Source: JAMA. 276:285-92. July 24/31, 1996.
Institutions: Johns Hopkins; Boston VA; Boston University Medical Center.
Financial support: Corning Clinical Laboratories, Forest Laboratories, National Eye Institute, National Institute of Aging, Veterans Affairs Boston.



Thyroid failure is a relatively common problem. In its mildest form, it consists of an elevation of TSH without a significant decrease in circulating thyroid hormone. There are three main arguments in favor of screening for and treating this disorder: averting the progression to overt hypothyroidism, alleviating the subtle symptoms that sometimes accompany subclinical hypothyroidism, and improving serum lipid levels. Since measuring serum TSH in otherwise apparently healthy adults on a regular basis involves a substantial cost, this analysis was performed in order to get a better handle on the actual costs and benefits involved.

Basic approach

In order to perform the analysis, the first step is to construct a simplified model of the situation we are analyzing. In the case described here, two models need to be constructed: a model of health outcomes and costs if we don't screen for subclinical hypothyroidism and a model if we do screen. These models are then implemented and "run" on a computer. For each scenario, the simulation should yield an estimated cost as well as some measure of health outcomes (deaths, years of life, quality-adjusted years of life). Then, when we compare the strategies, we should be able to make a statement of the sort: for X $ spent on screening, we can save Y lives or gain Z quality-adjusted years of life.

Since any model of a complex situation requires multiple assumptions which may or may not be correct, we need to see how sensitive the model is to our various assumptions. Thus, once the original model (or base-case analysis) is "run", we need to re-run it, varying the original assumptions to see how they would affect our results (a sensitivity analysis).

In the analysis presented here, the modelling is accomplished using a Markov decision tree. Markov analysis is a way of analyzing complex systems. It assumes that the system can be described by a number of variables that can each be in one of several "states", and that these variables make transitions from one state to another at discrete time intervals and with probabilities that depend on the values assumed by other variables. When analyzing clinical situations, the appropriate selection of variables and the determination of probabilities governing the transitions from one state to another (such as from the "euthyroid" state to the "mild hypothyroidism" state) are key issues.

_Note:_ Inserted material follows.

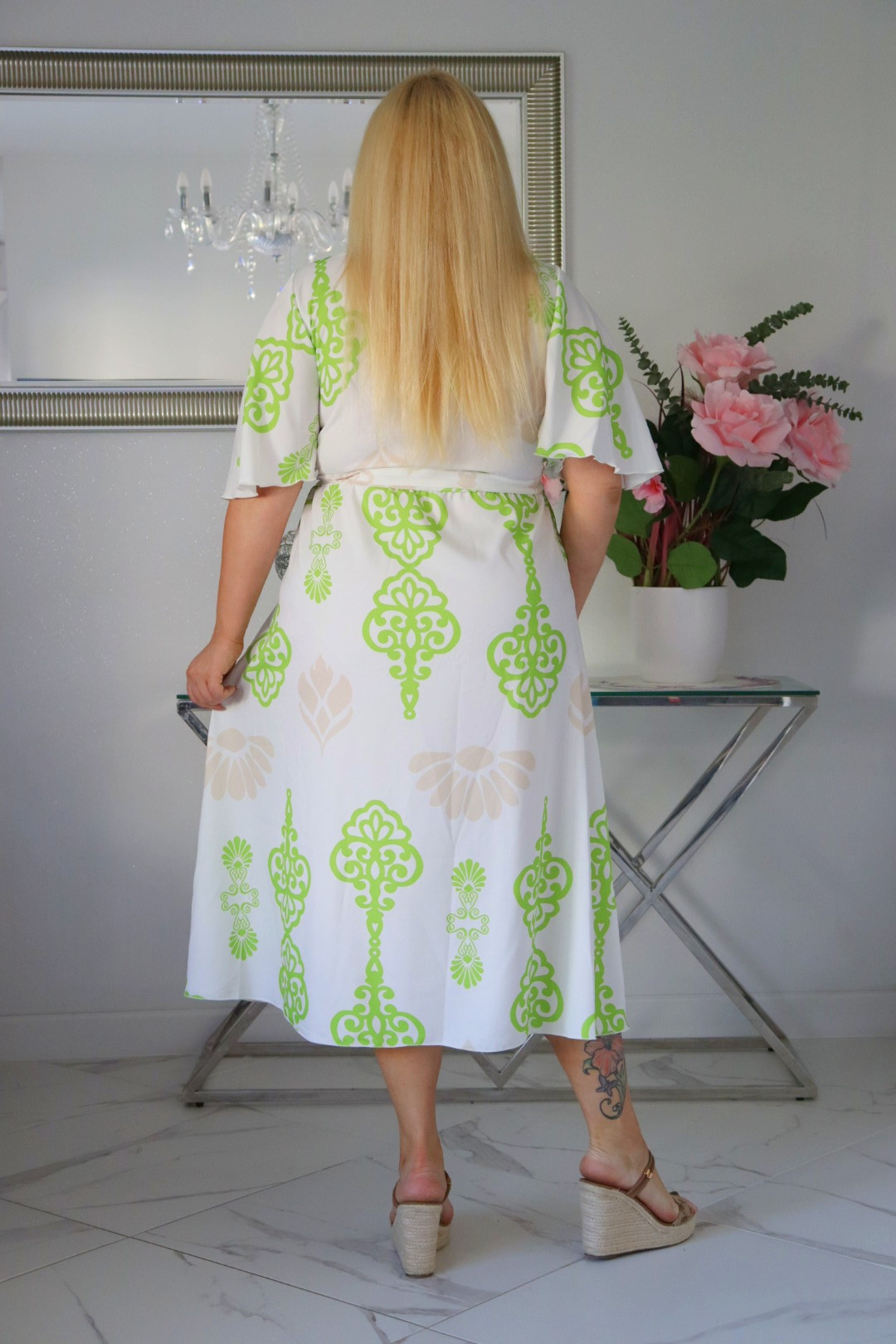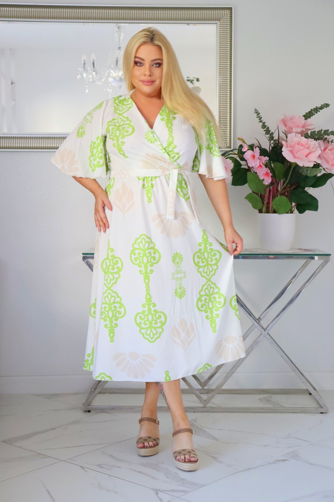 Długość sukienki maxi jest zazwyczaj standardowa, ale możesz ją sprawdzić od ramienia (lub linii dekoltu) aby upewnić się, że długość będzie odpowiednia dla Twojego wzrostu.

Another aspect of the modelling is the use of QALYs or Quality Adjusted Life Years. A QALY is year of life experienced by a patient that is "adjusted" for quality of life by a factor that ranges from 1.0 (no decrease in quality of life) to 0.0 (death). For example, if a patient is followed from age 35 to age 75 without any intervening illnesses, that patient will have generated 75-35 = 40 QALYs. If a patient is followed from age 35 to age 75 but had a stroke at age 65 that reduces the quality of life to 0.6, that patient will generate (65-35) + (75-65)*0.6 = 30 + 10*0.6 = 30 + 6 = 36 QALYs. Obviously, describing an individual's quality of life by a number between 0 and 1 is absurd. It is an absurd but necessary fiction for this sort of analysis.

The model

A number of properties and assumptions underlie the model developed by the authors of this paper. Some of the principle ones include:


Base-case analysis: Under the base-case assumptions, screening for TSH yields an average increase in QALYs for women of 6 days, for men the increase is only 2 days. The average cost was $147 per woman and $120 per man. This yields a cost-effectiveness of $9 223 per QALY for women and $22 595 per QALY for men. For women, approximately 52% of the gain in QALY's came from the prevention of overt hypothyroidism and about 30% from the relief of symptoms of mild hypothyroidism.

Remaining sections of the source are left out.